[Start of section]
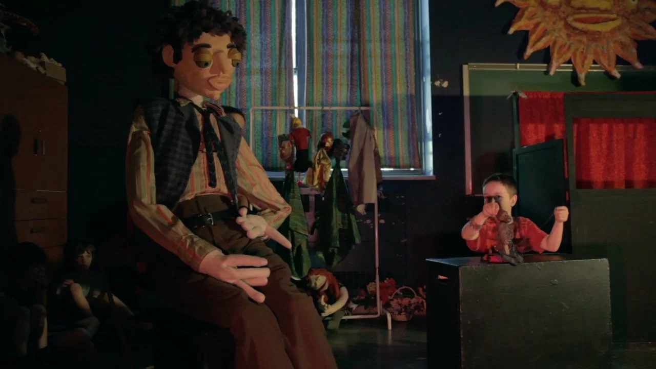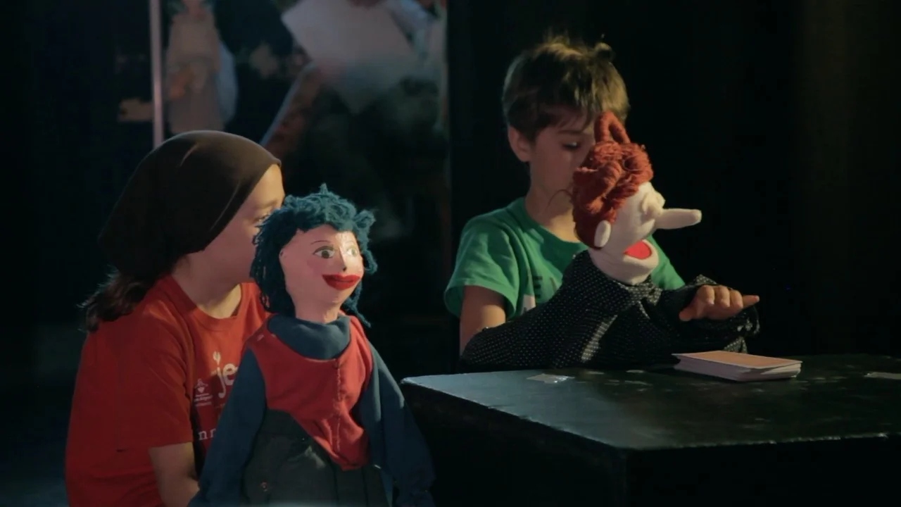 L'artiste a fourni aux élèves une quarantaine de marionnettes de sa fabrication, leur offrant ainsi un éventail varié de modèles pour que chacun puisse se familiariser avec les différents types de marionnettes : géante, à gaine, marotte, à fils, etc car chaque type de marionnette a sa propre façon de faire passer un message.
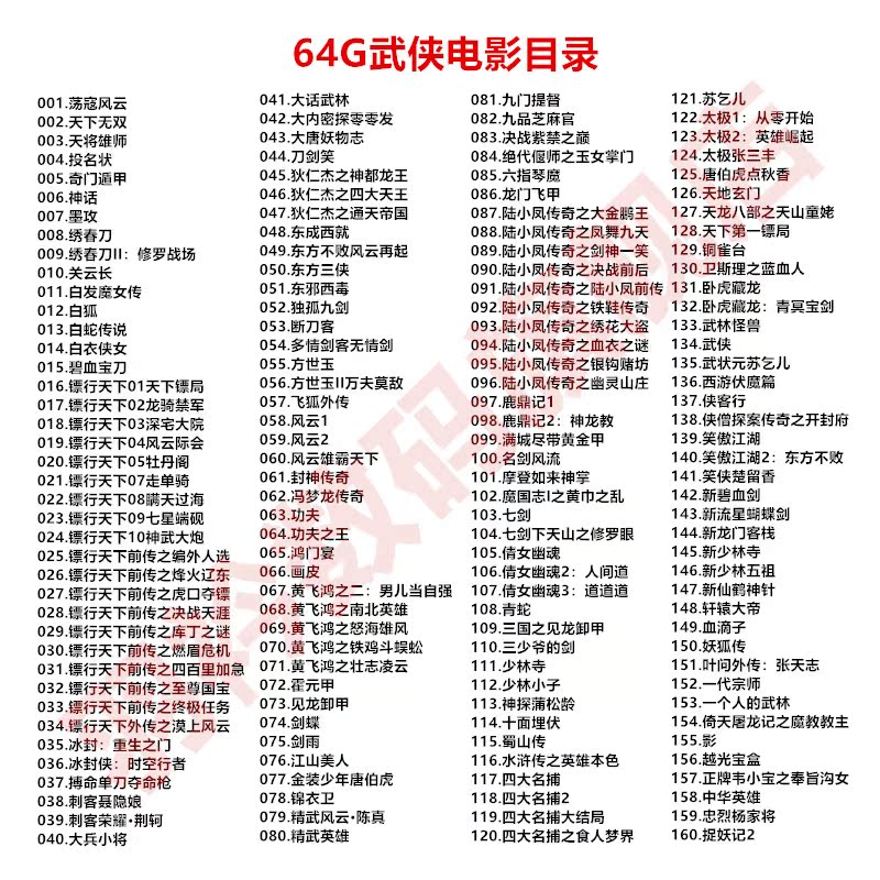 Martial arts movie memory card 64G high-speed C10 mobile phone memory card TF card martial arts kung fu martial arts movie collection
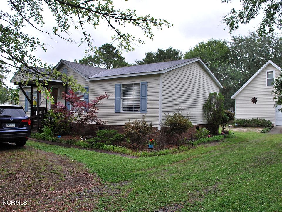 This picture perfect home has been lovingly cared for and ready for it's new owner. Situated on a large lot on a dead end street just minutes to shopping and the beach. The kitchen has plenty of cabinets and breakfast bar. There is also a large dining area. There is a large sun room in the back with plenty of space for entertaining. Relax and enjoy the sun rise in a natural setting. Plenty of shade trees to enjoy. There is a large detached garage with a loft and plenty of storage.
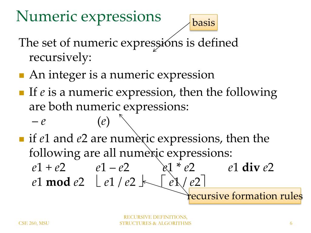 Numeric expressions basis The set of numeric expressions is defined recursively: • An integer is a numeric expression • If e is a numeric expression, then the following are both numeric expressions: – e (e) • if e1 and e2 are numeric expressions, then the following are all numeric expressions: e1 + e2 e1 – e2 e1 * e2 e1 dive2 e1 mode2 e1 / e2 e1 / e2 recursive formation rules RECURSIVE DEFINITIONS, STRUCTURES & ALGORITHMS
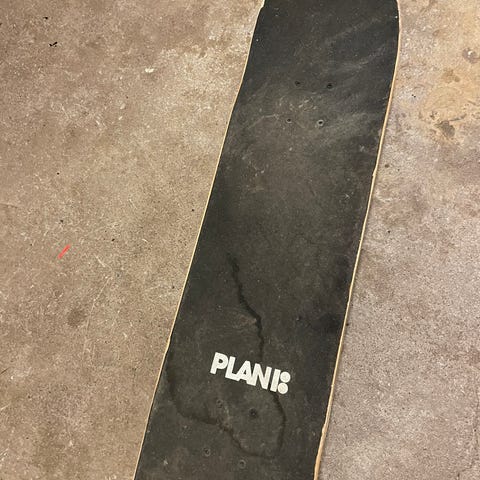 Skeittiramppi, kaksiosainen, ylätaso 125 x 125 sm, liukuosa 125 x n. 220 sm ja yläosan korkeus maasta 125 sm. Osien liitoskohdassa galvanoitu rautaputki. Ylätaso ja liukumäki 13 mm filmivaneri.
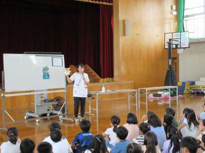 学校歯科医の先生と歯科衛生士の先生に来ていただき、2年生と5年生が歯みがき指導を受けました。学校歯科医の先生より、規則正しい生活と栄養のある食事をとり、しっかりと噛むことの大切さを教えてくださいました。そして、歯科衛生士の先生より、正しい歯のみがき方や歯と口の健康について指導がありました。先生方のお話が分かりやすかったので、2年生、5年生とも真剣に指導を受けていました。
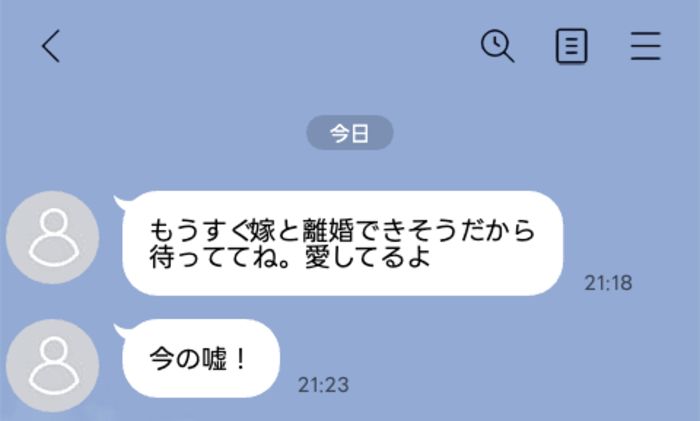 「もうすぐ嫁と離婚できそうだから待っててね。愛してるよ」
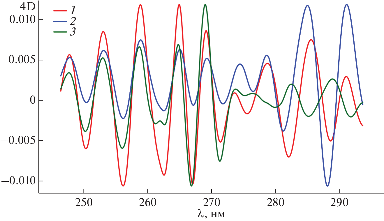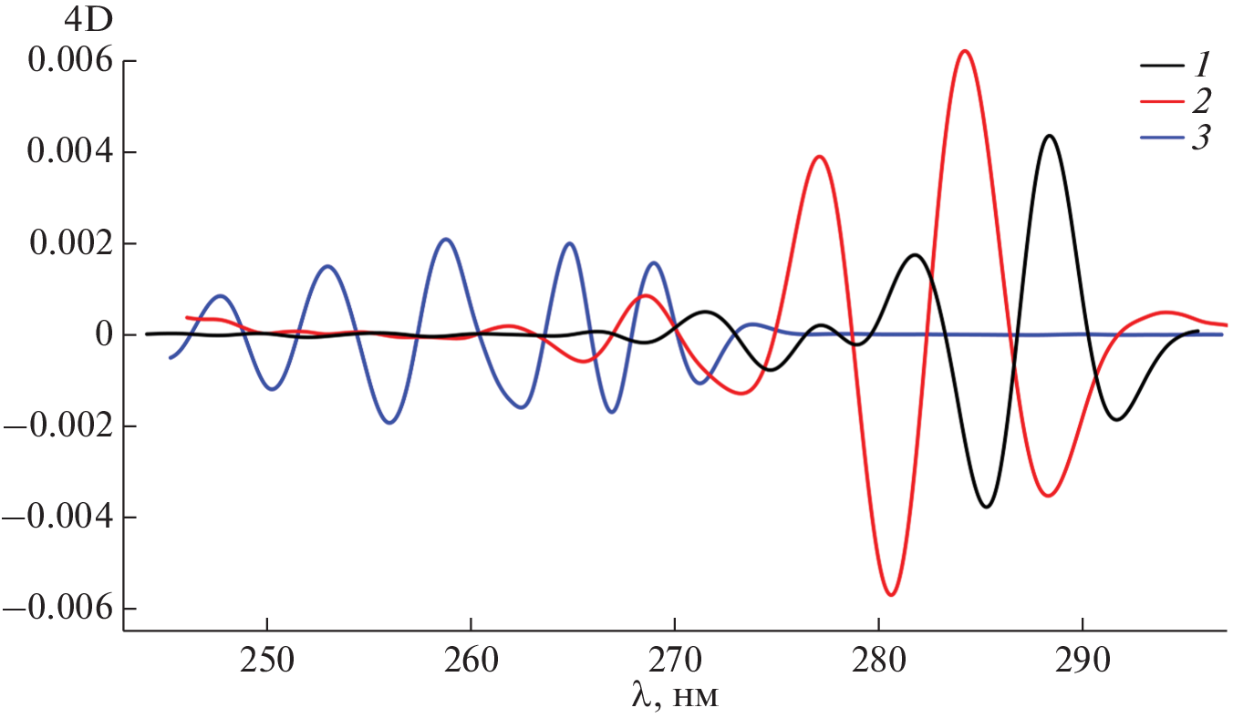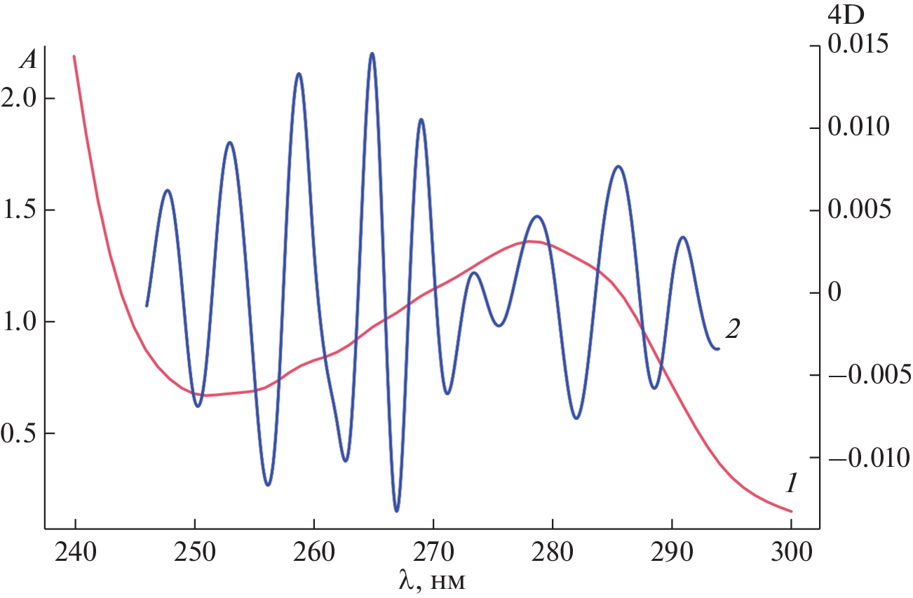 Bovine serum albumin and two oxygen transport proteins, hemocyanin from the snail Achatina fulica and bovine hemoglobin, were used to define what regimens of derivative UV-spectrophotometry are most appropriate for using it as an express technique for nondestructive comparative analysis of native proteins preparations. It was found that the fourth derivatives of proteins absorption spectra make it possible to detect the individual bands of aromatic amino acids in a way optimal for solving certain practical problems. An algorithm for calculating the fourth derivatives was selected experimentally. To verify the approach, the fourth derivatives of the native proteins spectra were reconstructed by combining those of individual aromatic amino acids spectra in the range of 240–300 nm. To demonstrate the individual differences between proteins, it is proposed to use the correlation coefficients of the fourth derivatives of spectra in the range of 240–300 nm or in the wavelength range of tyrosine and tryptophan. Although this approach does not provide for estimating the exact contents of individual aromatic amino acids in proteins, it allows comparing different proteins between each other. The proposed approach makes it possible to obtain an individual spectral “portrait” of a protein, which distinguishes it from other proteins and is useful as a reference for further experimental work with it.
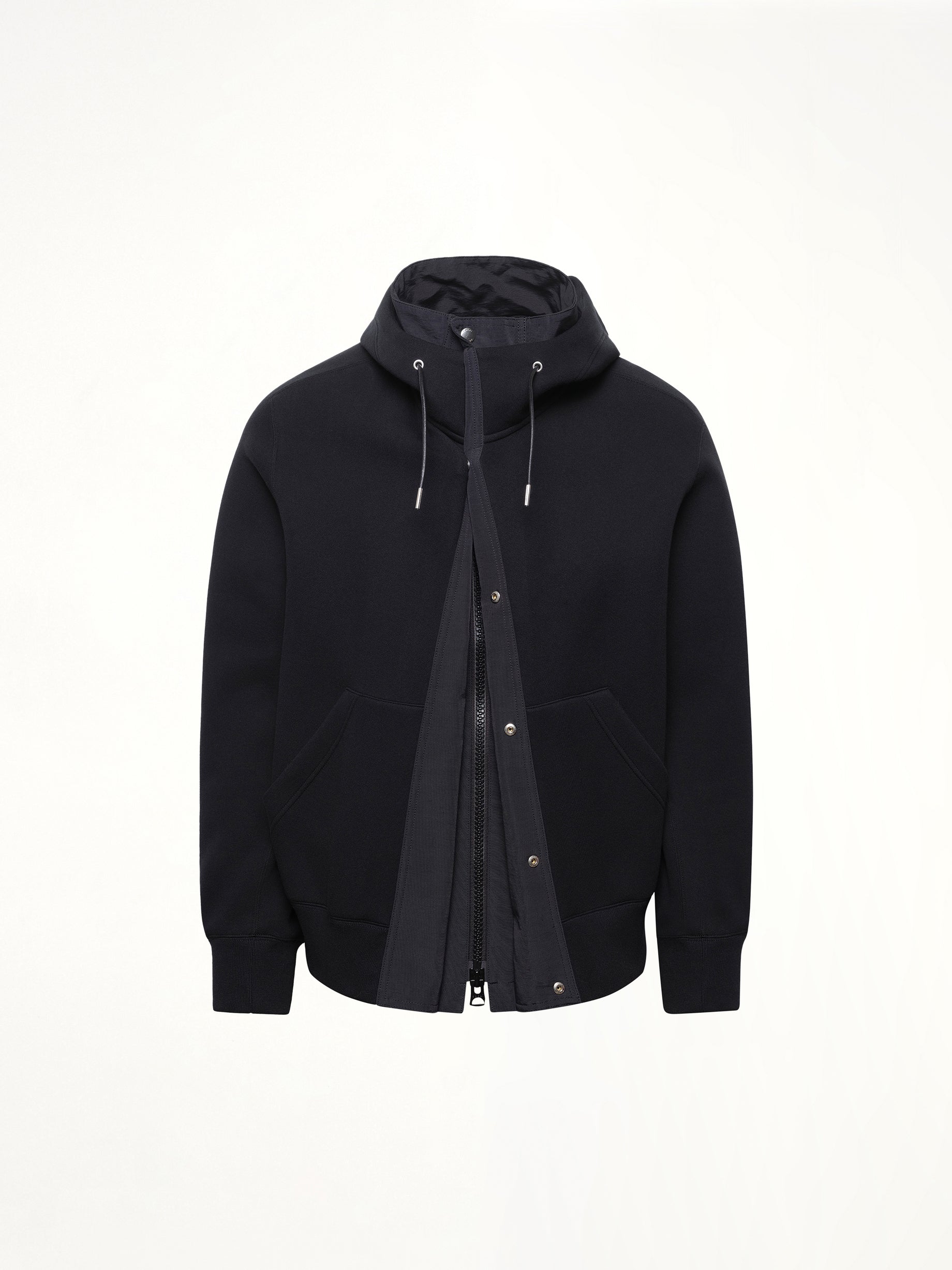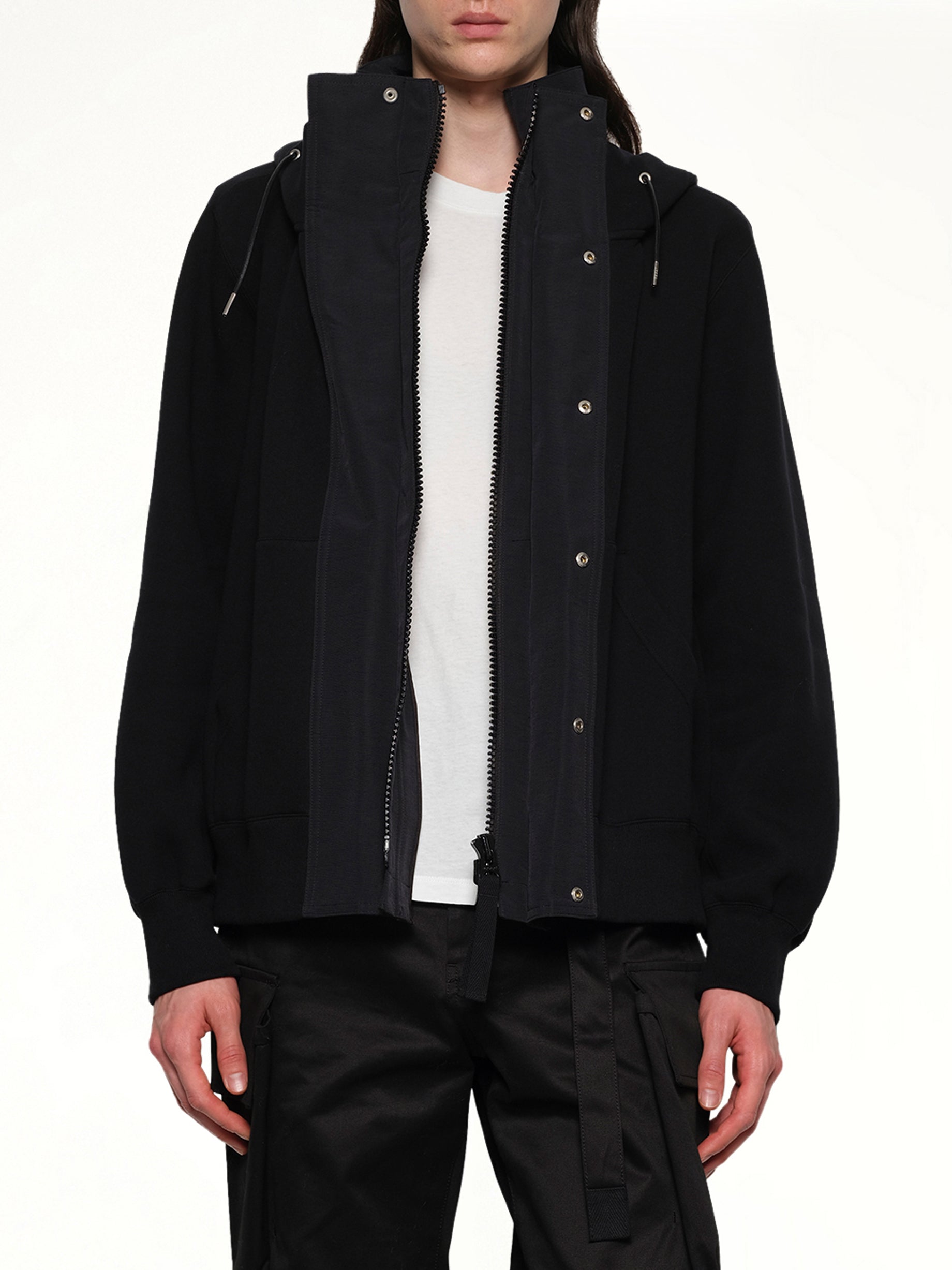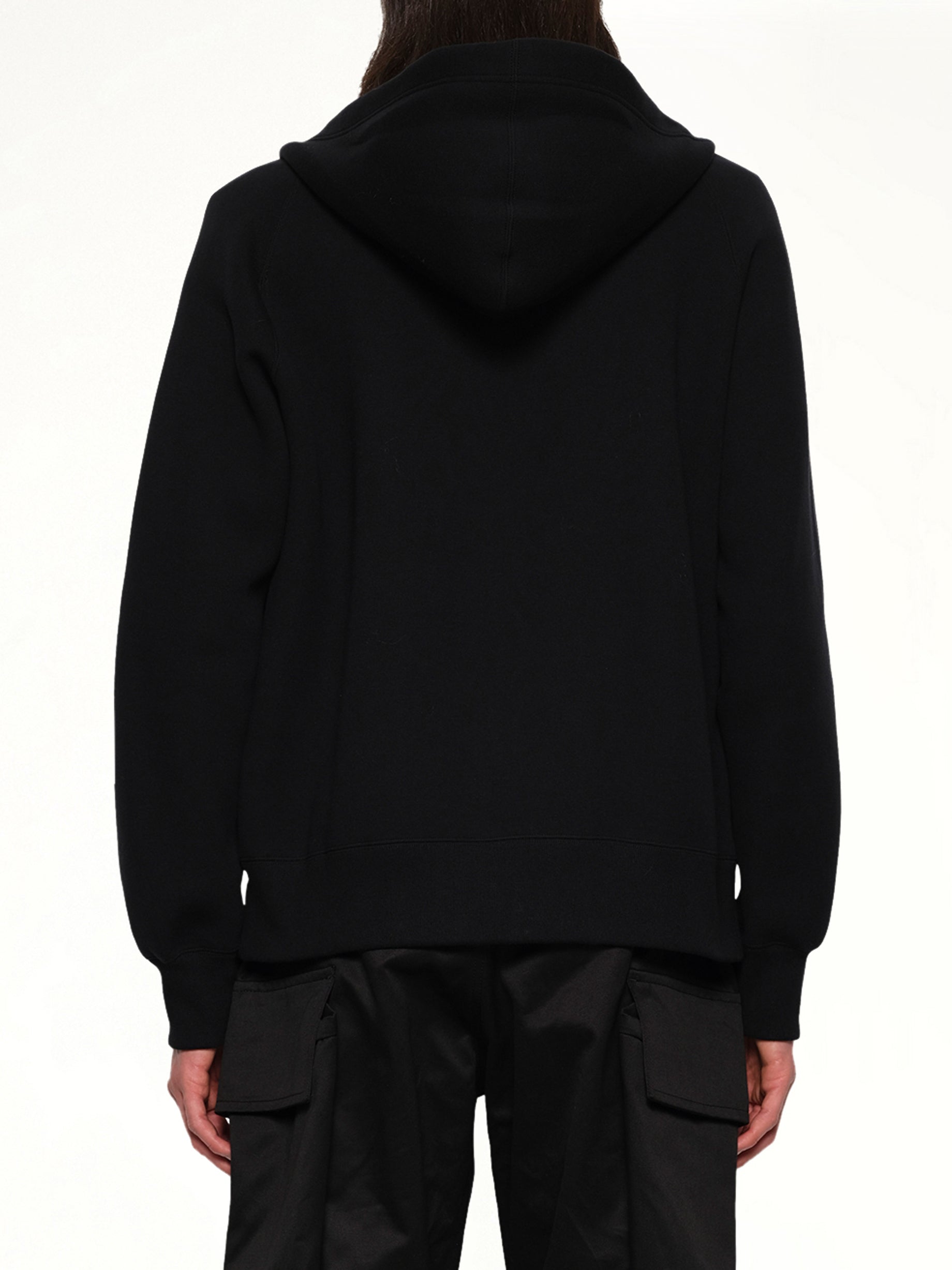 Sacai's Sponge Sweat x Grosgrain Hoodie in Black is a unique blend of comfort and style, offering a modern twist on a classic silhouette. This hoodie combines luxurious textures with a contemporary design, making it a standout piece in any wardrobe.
[End of section]
*Exercise brief*. Once the pictures are set aside, repeat the data above exactly as written.

*Solution to this problem*.
 L'artiste a fourni aux élèves une quarantaine de marionnettes de sa fabrication, leur offrant ainsi un éventail varié de modèles pour que chacun puisse se familiariser avec les différents types de marionnettes : géante, à gaine, marotte, à fils, etc car chaque type de marionnette a sa propre façon de faire passer un message.
 Martial arts movie memory card 64G high-speed C10 mobile phone memory card TF card martial arts kung fu martial arts movie collection
 This picture perfect home has been lovingly cared for and ready for it's new owner. Situated on a large lot on a dead end street just minutes to shopping and the beach. The kitchen has plenty of cabinets and breakfast bar. There is also a large dining area. There is a large sun room in the back with plenty of space for entertaining. Relax and enjoy the sun rise in a natural setting. Plenty of shade trees to enjoy. There is a large detached garage with a loft and plenty of storage.
 Numeric expressions basis The set of numeric expressions is defined recursively: • An integer is a numeric expression • If e is a numeric expression, then the following are both numeric expressions: – e (e) • if e1 and e2 are numeric expressions, then the following are all numeric expressions: e1 + e2 e1 – e2 e1 * e2 e1 dive2 e1 mode2 e1 / e2 e1 / e2 recursive formation rules RECURSIVE DEFINITIONS, STRUCTURES & ALGORITHMS
 Skeittiramppi, kaksiosainen, ylätaso 125 x 125 sm, liukuosa 125 x n. 220 sm ja yläosan korkeus maasta 125 sm. Osien liitoskohdassa galvanoitu rautaputki. Ylätaso ja liukumäki 13 mm filmivaneri.
 学校歯科医の先生と歯科衛生士の先生に来ていただき、2年生と5年生が歯みがき指導を受けました。学校歯科医の先生より、規則正しい生活と栄養のある食事をとり、しっかりと噛むことの大切さを教えてくださいました。そして、歯科衛生士の先生より、正しい歯のみがき方や歯と口の健康について指導がありました。先生方のお話が分かりやすかったので、2年生、5年生とも真剣に指導を受けていました。
 「もうすぐ嫁と離婚できそうだから待っててね。愛してるよ」
 Bovine serum albumin and two oxygen transport proteins, hemocyanin from the snail Achatina fulica and bovine hemoglobin, were used to define what regimens of derivative UV-spectrophotometry are most appropriate for using it as an express technique for nondestructive comparative analysis of native proteins preparations. It was found that the fourth derivatives of proteins absorption spectra make it possible to detect the individual bands of aromatic amino acids in a way optimal for solving certain practical problems. An algorithm for calculating the fourth derivatives was selected experimentally. To verify the approach, the fourth derivatives of the native proteins spectra were reconstructed by combining those of individual aromatic amino acids spectra in the range of 240–300 nm. To demonstrate the individual differences between proteins, it is proposed to use the correlation coefficients of the fourth derivatives of spectra in the range of 240–300 nm or in the wavelength range of tyrosine and tryptophan. Although this approach does not provide for estimating the exact contents of individual aromatic amino acids in proteins, it allows comparing different proteins between each other. The proposed approach makes it possible to obtain an individual spectral “portrait” of a protein, which distinguishes it from other proteins and is useful as a reference for further experimental work with it.
 Sacai's Sponge Sweat x Grosgrain Hoodie in Black is a unique blend of comfort and style, offering a modern twist on a classic silhouette. This hoodie combines luxurious textures with a contemporary design, making it a standout piece in any wardrobe.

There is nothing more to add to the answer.